Chris Funk 03/08/2017 | Posted in Fishing, Recreational/Touring
I stood there with the club in my hand grimacing at the shot I had just made. I tried my best to knock the dimples off that golf ball and it went nowhere near where I wanted it to go. My buddy Robert said “it is almost 500 yards and a par 5, you don’t have to get it all in one swing”. He knew I had pushed too hard and screwed up and flat sure called me on it. It is a major problem I have seemed to develop through the years and it affects all areas of life. Go shopping and come back with 36 bags of groceries? Yep, I will try to carry all of them in one trip. If we go pick up some flowers to plant I won’t stick to one spot at a time I get enough to plant the whole yard: twice.
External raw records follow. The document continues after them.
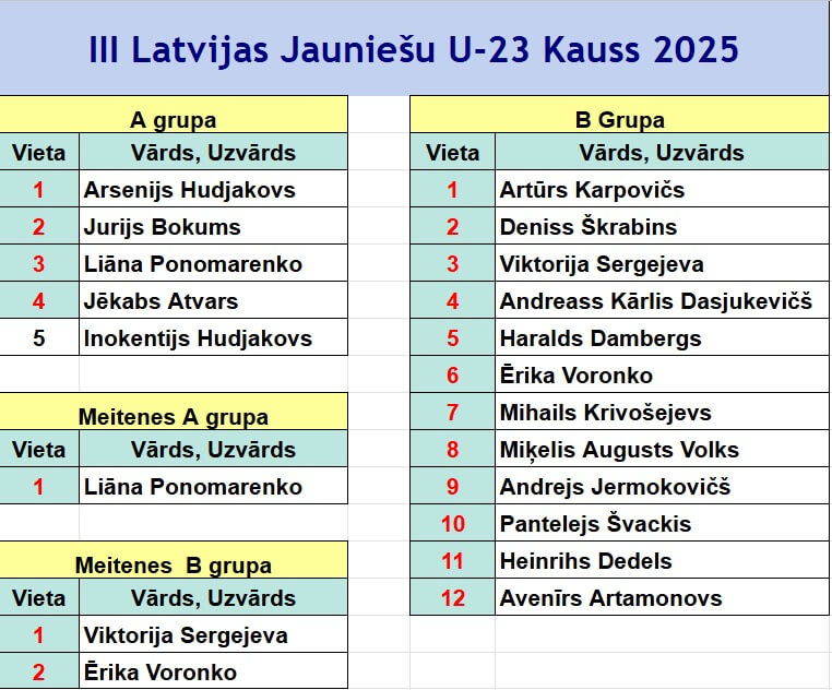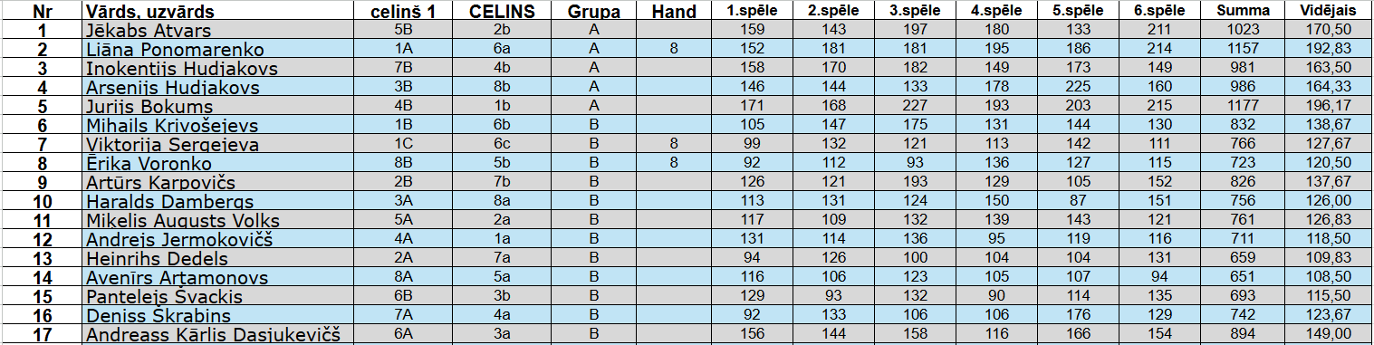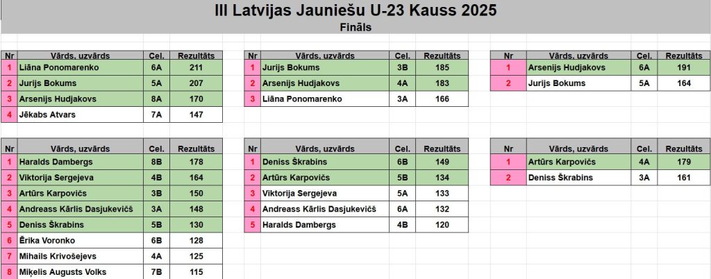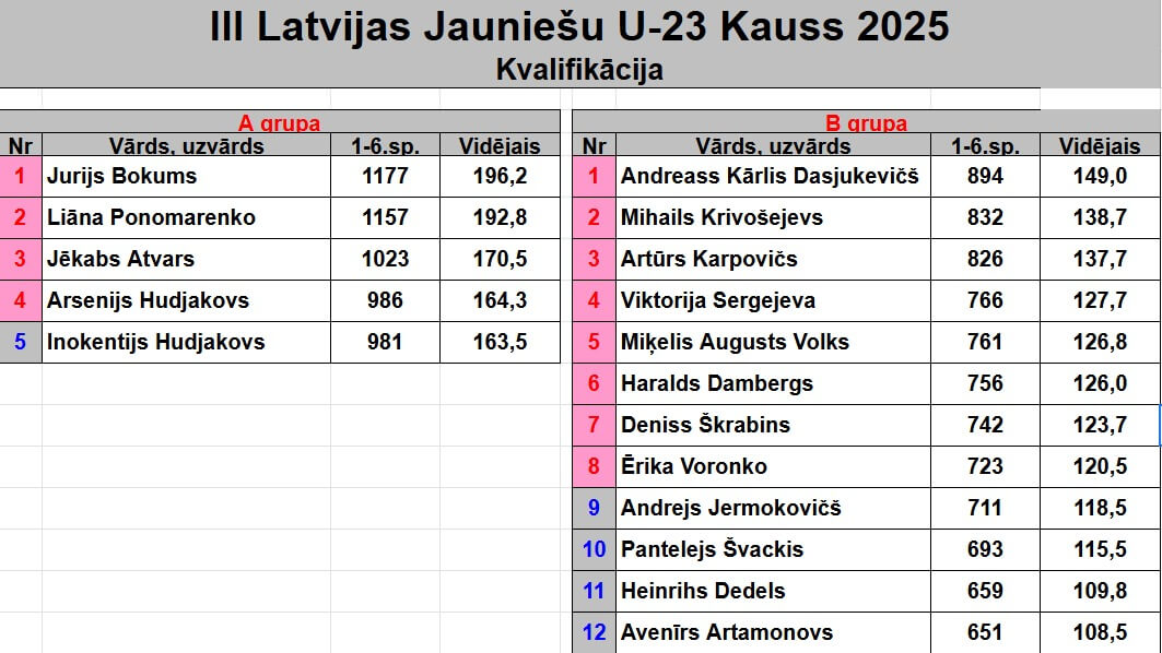 Saite uz iepriekšējā gada rezultātu failu: Latvijas Jauniešu (U-23) Kausa izcīņa boulingā.
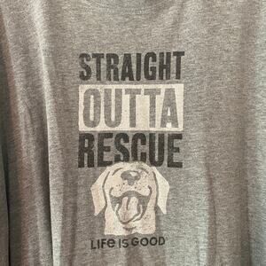 Life Is Good Gray Long Sleeve Shirt Straight Outta Rescue Dog Crusher Tee XXL
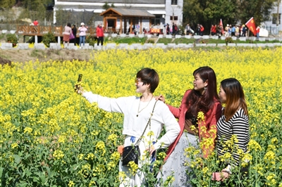吳秀琴是曾鋪村十組村民,一家人正商量如何接待游玩的游客,而她家正好在花海景點(diǎn)的入口處。“去年我家的4畝油菜產(chǎn)了1200斤左右的菜籽,賺了一萬多元?!眳切闱俑吲d地說:“今年準(zhǔn)備開農(nóng)家樂,再賣點(diǎn)臘魚臘肉,多掙點(diǎn)錢!”在賞花的過程中,附近的農(nóng)家樂生意也非?;鸨芏啻迕裨诰包c(diǎn)處擺攤賣起了自家的農(nóng)產(chǎn)品,使游客盡興而來,滿載而歸。

It is very easy to get overwhelmed when I am left to my own devices. I often have to pause and force myself to focus on one part of a task instead of getting inundated in the whole. From what I read on various kayak forums, a lot of folks tend to have the same issues. When paddlers are just starting out it can be very easy to get so caught up in the gear and learning that you can lose focus on the fun. Here are a few tips to keep from getting snowed under.
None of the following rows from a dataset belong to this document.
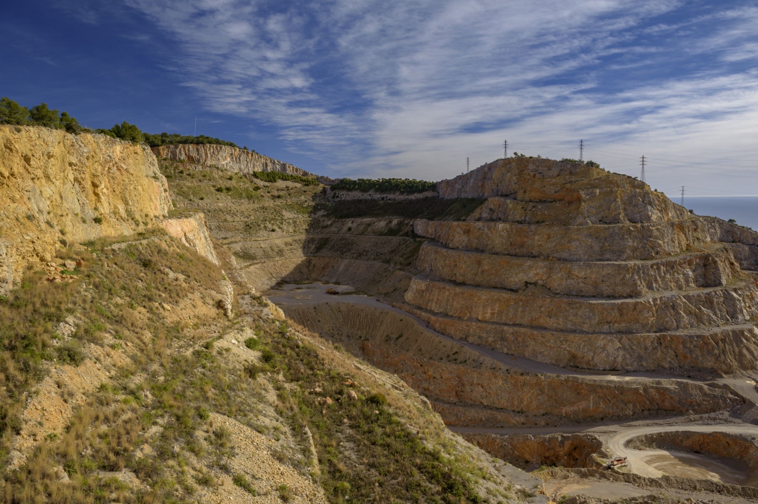 Després d'un tram de pujada moderada i vàries llaçades, el sender pren direcció Nord planejant fins a arribar a una pista forestal que voreja una pedrera d'on encara s'extreu material. En aquest tram del recorregut podrem veure diverses pedreres i extraccions a cel obert, amb el gran impacte visual que generen i la cicatriu irreparable que generen al territori. Seguim vorejant aquesta pedrera-gravera per una pista que va pujant progressivament. A partir d'aquí, la insolació pot ser acusada en els mesos d'estiu ja que trobarem poques ombres i cap font, així que convé evitar les hores i dies on el Sol piqui de valent.
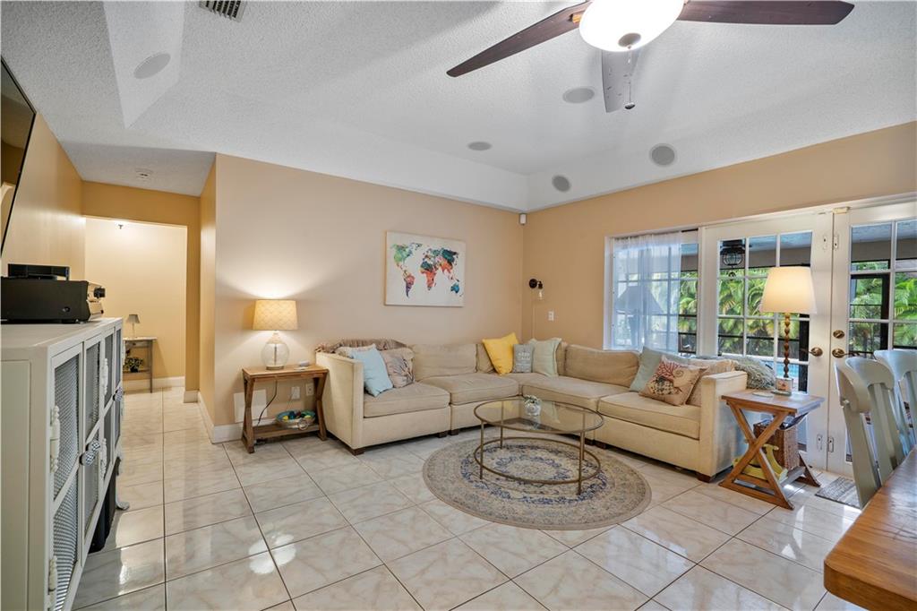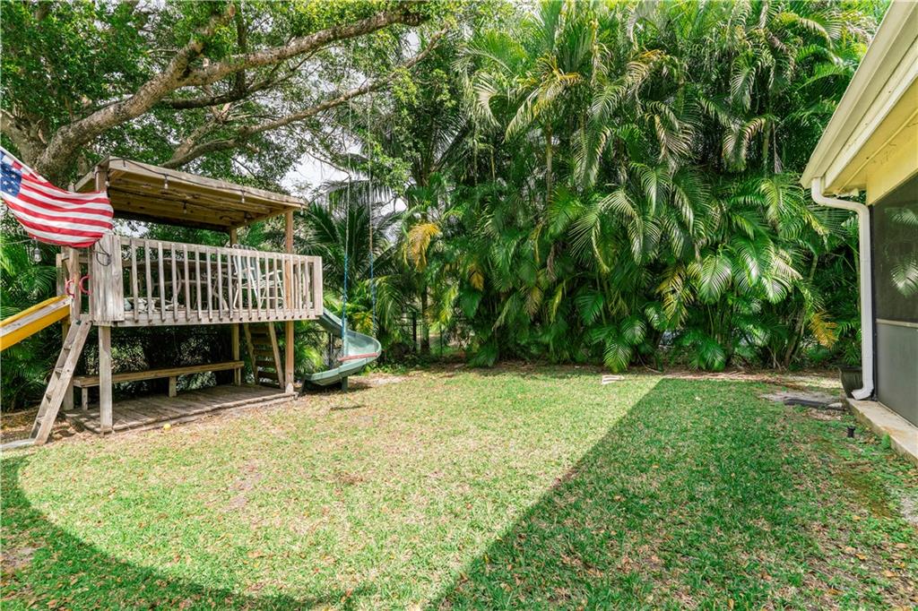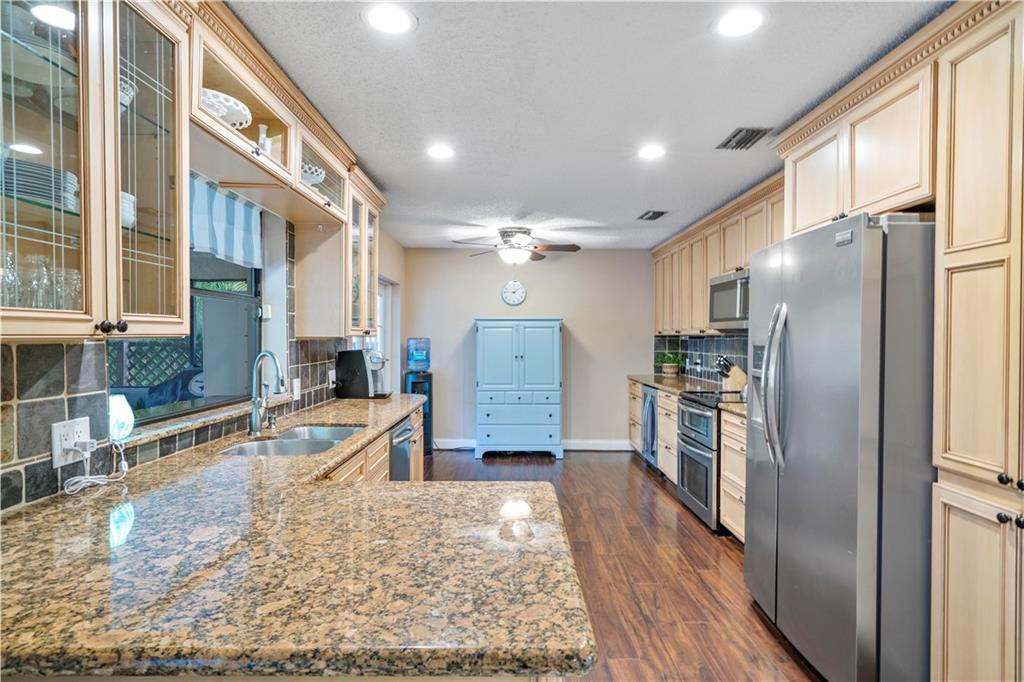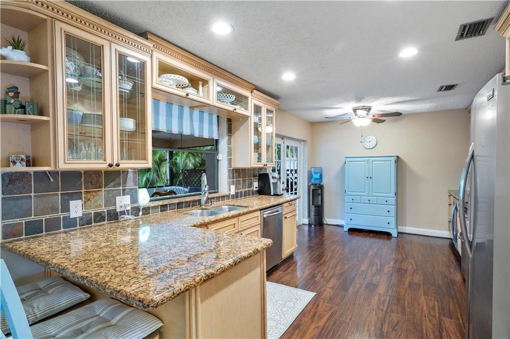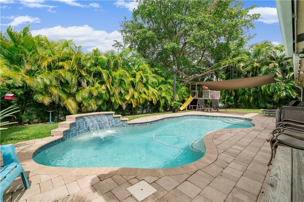 Spectacular pool home on canal. 4 bedrooms, 2 1/2 baths with formal living and family room. Updated kitchen with granite counters, wood cabinets and SS appliances with wine fridge. Tile and wood floors throughout, surround sound, recessed lighting, french doors and large master suite with spacious closet. Extended Florida room for entertainment. Waterfall salt water, solar heated pool with play set and yard space. Security System and cameras, fenced yard, landscaped lighting, hurricane shutters and garage impact door. Total privacy in your backyard oasis. Cabana baths with outside shower. A/C 10 years, Roof 8 years, hot water heater 4 months.
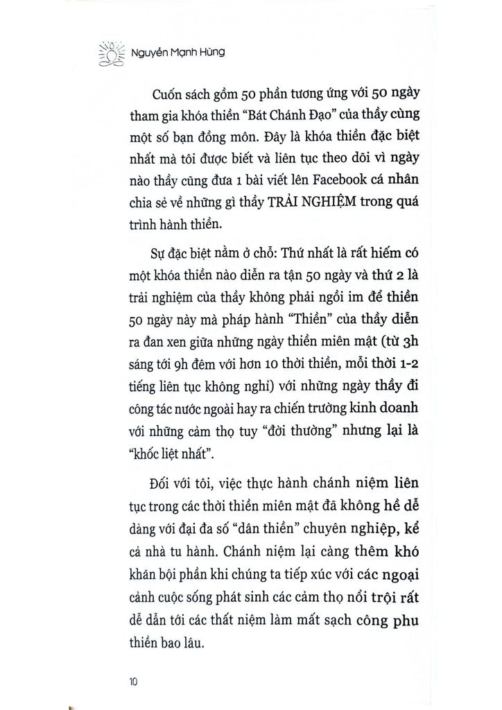 Cuốn sách gồm 50 phần tương ứng với 50 ngày tham gia khóa thiền “Bát Chánh Đạo” của thầy cùng một số bạn đồng môn. Đây là khóa thiền đặc biệt nhất mà tôi được biết và liên tục theo dõi vì ngày nào thầy cũng đưa 1 bài viết lên Facebook cá nhân chia sẻ về những gì thầy TRẢI NGHIỆM trong quá trình hành thiền. Sự đặc biệt nằm ở chỗ: Thứ nhất là rất hiếm có một khóa thiền nào diễn ra tận 50 ngày và thứ 2 là trải nghiệm của thầy không phải ngồi im để thiền 50 ngày này mà pháp hành “Thiền” của thầy diễn ra đan xen giữa những ngày thiền miên mật (từ 3h sáng tới 9h đêm với hơn 10 thời thiền, mỗi thời 1-2 tiếng liên tục không nghỉ) với những ngày thầy đi công tác nước ngoài hay ra chiến trường kinh doanh với những cảm thọ tuy “đời thường” nhưng lại là “khốc liệt nhất”.

1. Ask folks who have made the decisions already. Jackson Kayak has a really good resource called “Ask the Pros” that allows folks to ask questions about kayaks and gear. We are not all “pro” but most of us have screwed up enough and learned lessons we can pass on. In social media groups there are usually people who are willing to assist with questions. I have even seen multiple offers to meet and let others try out gear just to point people in the right direction.
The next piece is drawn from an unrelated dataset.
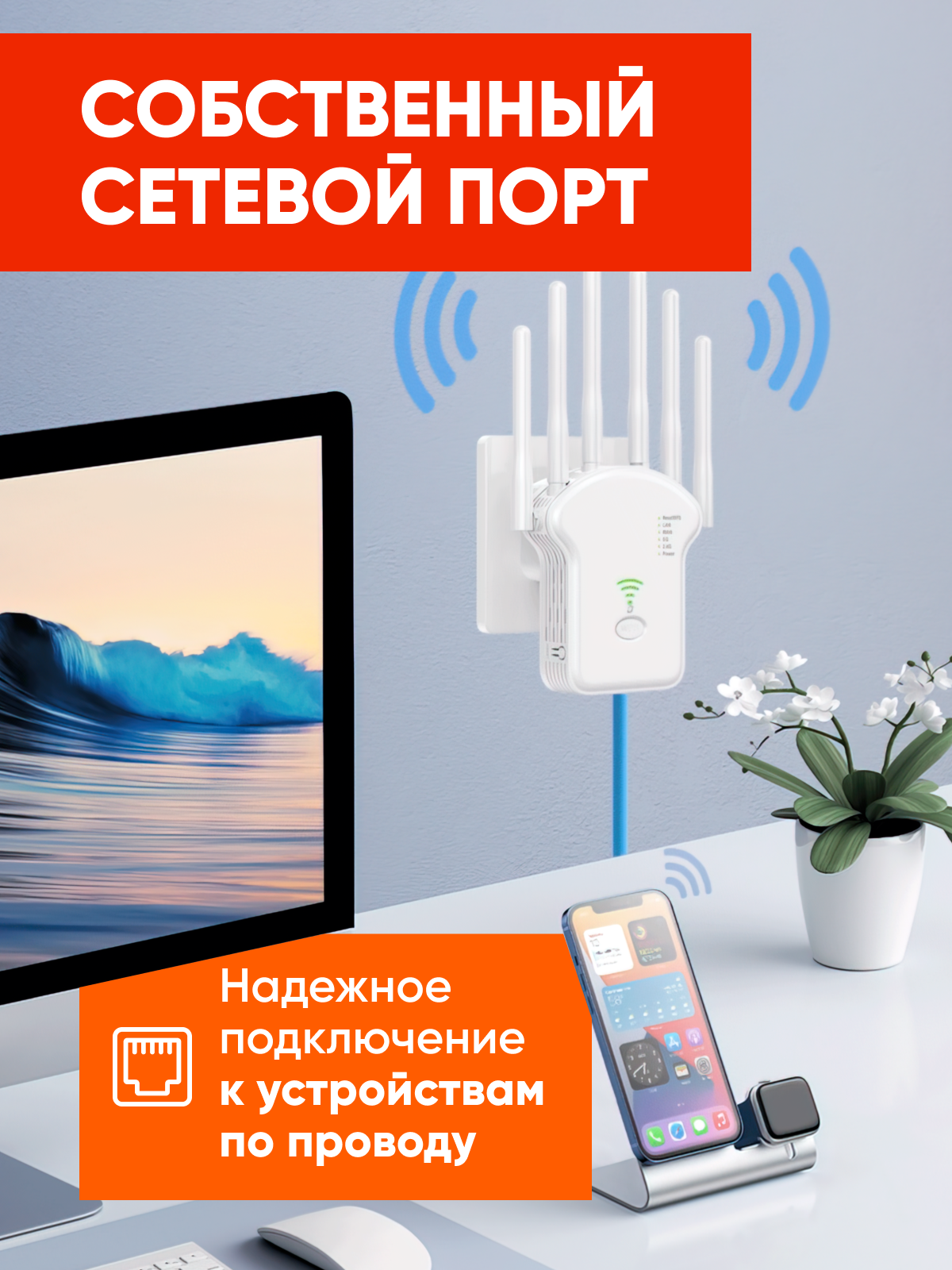 Усилитель wifi сигнала беспроводной в розетку репитер вайфая, цвет белый интересное:

2. Go to a dealer demo day. This will allow you to paddle boats, try gear and converse with like-minded paddlers. Lots of time promotional staff members will be on site as well and will be able to talk about the different aspects of the sport you are interested in. This is an excellent opportunity to test the waters without going “all in”.
3. Remember one bite at a time. As you begin your journey, don’t try to do or learn everything at once. Work on certain parts of the individual discipline that you are interested in. If you are a whitewater paddler, work on rolling or a certain trick that you want to perfect. If you are a recreational paddler, work on a more efficient paddle stroke or learn how to “edge” your kayak. Fishing kayakers can work on stealthy paddling, standing or work on a specific technique that they want to perfect.
It is frustrating to get overwhelmed with a sport that should be a lot of fun. Don’t let it get to that point. Slow down, take a deep breath, and focus on small aspects of the discipline you are working on. Just remember, you don’t have to learn it all in one trip!